Showing posts with label Garfield Assassination. Show all posts
Showing posts with label Garfield Assassination. Show all posts

Thursday, April 11, 2024

General William T. Sherman to Senator John Sherman, July 2, 1881—8:45 a.m.

WESTERN UNION TELEGRAPH Co.,        
Dated, WASHINGTON, D.C., July 2, 1881.    
Received at MANSFIELD, OHIO,
8.45 A.M.                    
To Honorable John Sherman:

Dispatch received. Just come from White House. Saw and talked with General Garfield. Mind and memory clear, and he is personally hopeful. The doctors shake their heads. Situation most serious, but I cannot help hoping that the ball has not traversed the cavity of the stomach, as the wound indicates. Mrs. Garfield and all the family are with him.

W. T. SHERMAN.

SOURCE: Rachel Sherman Thorndike, Editor, The Sherman Letters: Correspondence Between General and Senator Sherman from 1837 to 1891, p. 350-1

General William T. Sherman to Senator John Sherman, July 2, 1881—3 p.m.
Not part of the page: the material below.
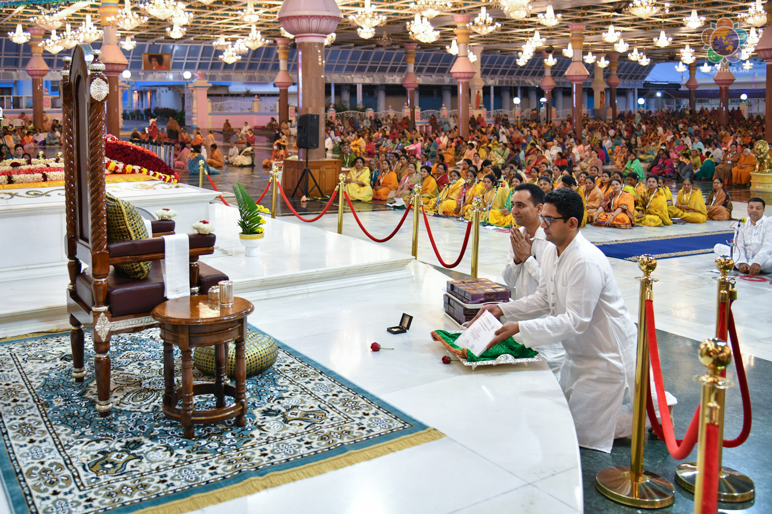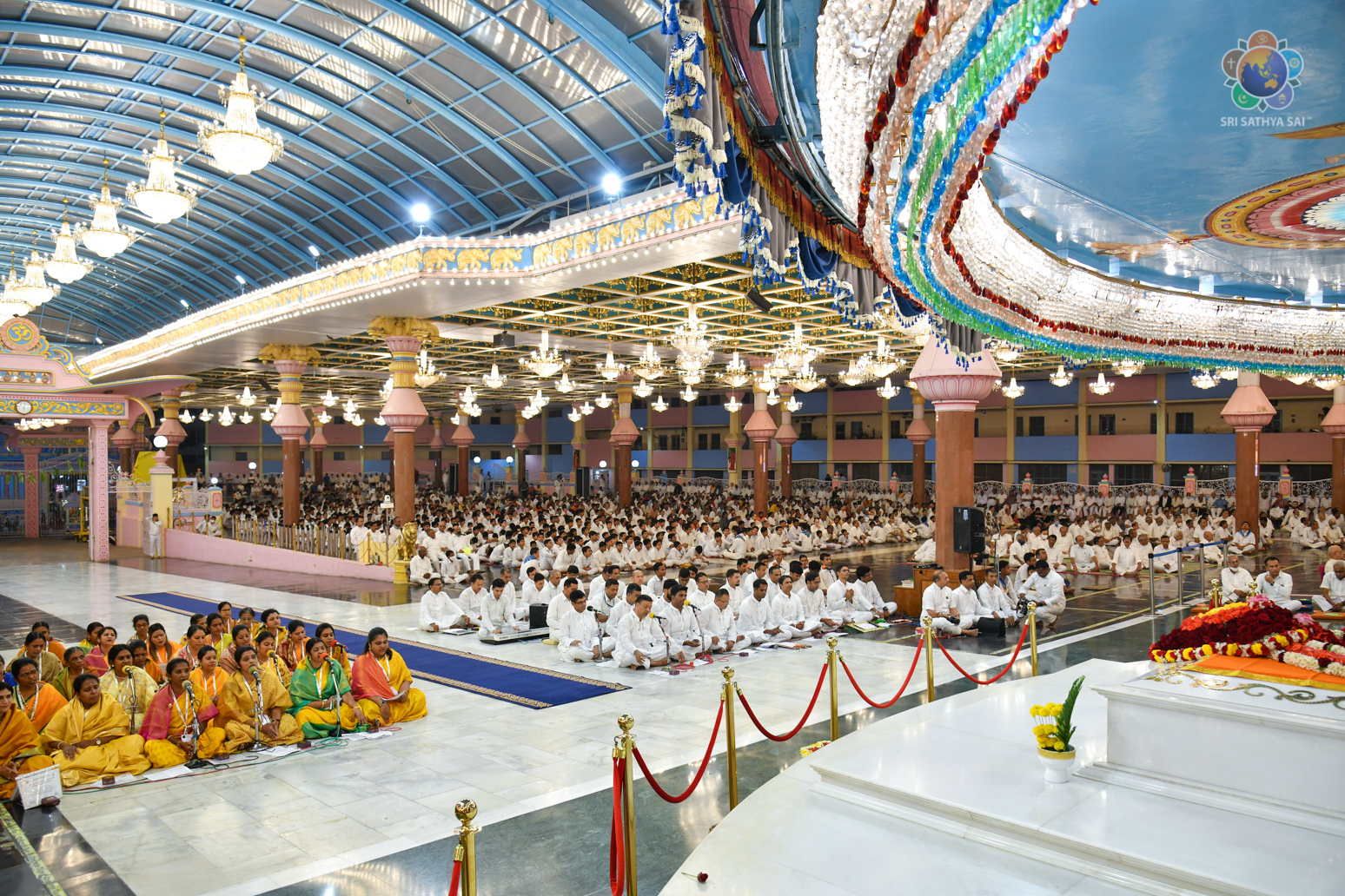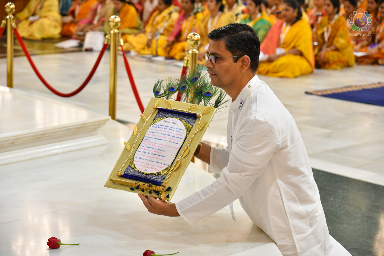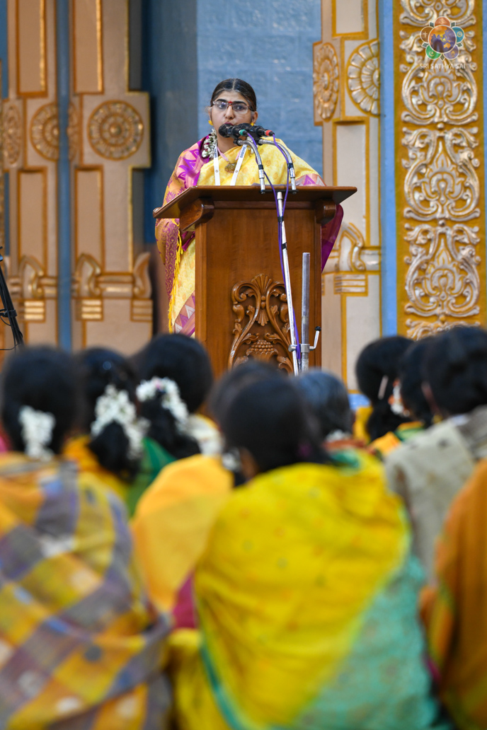 Loving Sai Ram and Greetings from Prasanthi Nilayam. The Sri Sathya Sai Centre for Human Values had conducted a 13 week Sri Sathya Sai Adhyatma Vidya Foundation Course based on Bhagawan’s 9-point code of conduct. As many as 63 participants who had successfully completed the course comprising of 14 modules were blessed with certificates and mementos in the Divine Presence this evening. After invocatory vedam chanting by the participants, Prof A Sudhir Bhaskar (Director, SSSCHV) explained about the purpose, structure and the modus operandi of this unique course. This was followed by two talks by participants, Sri Sravan from Telangana and Dr Reeta from Bengaluru. Both of them shared how the course has redefined their lives and has been a blessing for them in several ways. All the participants then offered a devotional music program interspersed with shorts talks wherein they expressed their gratitude to Bhagawan.
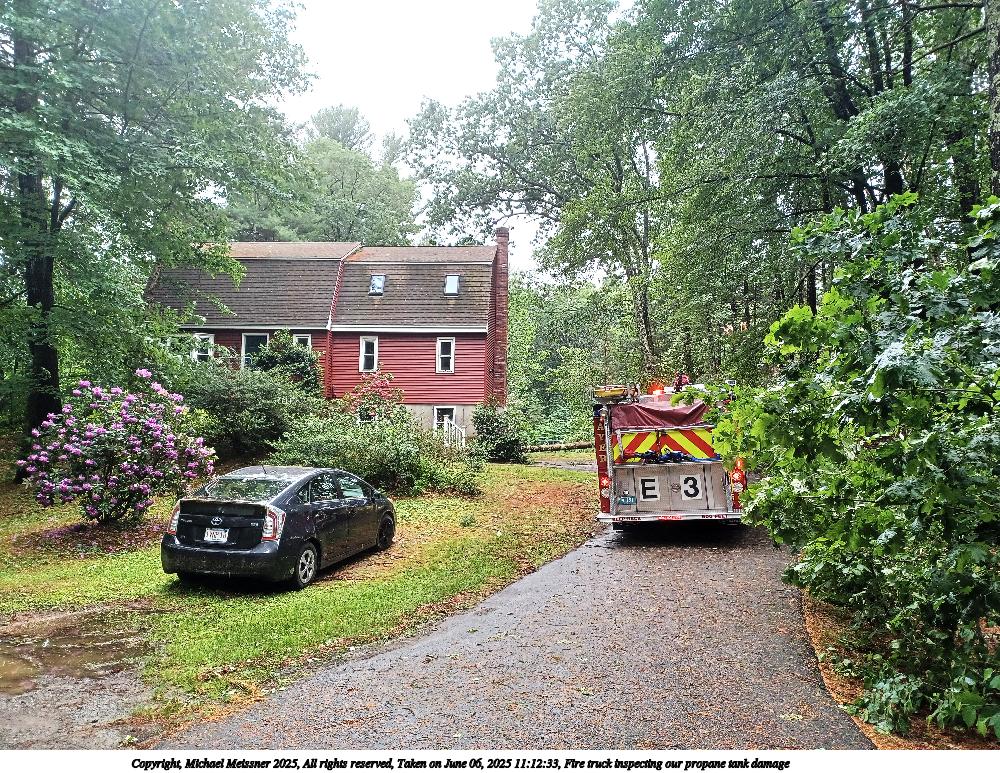 Picture #2: Fire truck inspecting our propane tank damage #2 1000x773, 339,856 bytes (332K), (html file) Copyright, Michael Meissner 2025, All rights reserved Samsung A32 5G phone f/1.8, ISO 64, 1/120 sec, 4.6mm, auto mode, center weight metering 35mm equivalent focal length 25.0mm Programs used: raw therapee Taken by Michael Meissner on June 06, 2025 11:12:33 Last modified on June 06, 2025 at 14:18 |

THE WESTERN UNION TELEGRAPH Co.,        
Dated, WASHINGTON, D.C., July 2, 1881.    
Received at MANSFIELD, OHIO,
3 P.M.                    
To Honorable John Sherman:

President Garfield was shot in the back toward the right side, the ball ranging downwards - not yet found. Pulse good and appearances favorable.

Has been brought to the White House. The assassin is from Chicago, an ex-consul at Marseilles, described as a lawyer, politician, and theologian. He is in custody. All sorts of rumors afloat, but the above is all that is known to me. I went in person to the depot immediately, and found all his Cabinet present.

W. T. SHERMAN,
General.        

SOURCE: Rachel Sherman Thorndike, Editor, The Sherman Letters: Correspondence Between General and Senator Sherman from 1837 to 1891, p. 350

General William T. Sherman to Senator John Sherman, July 3, 1881—4:15 p.m.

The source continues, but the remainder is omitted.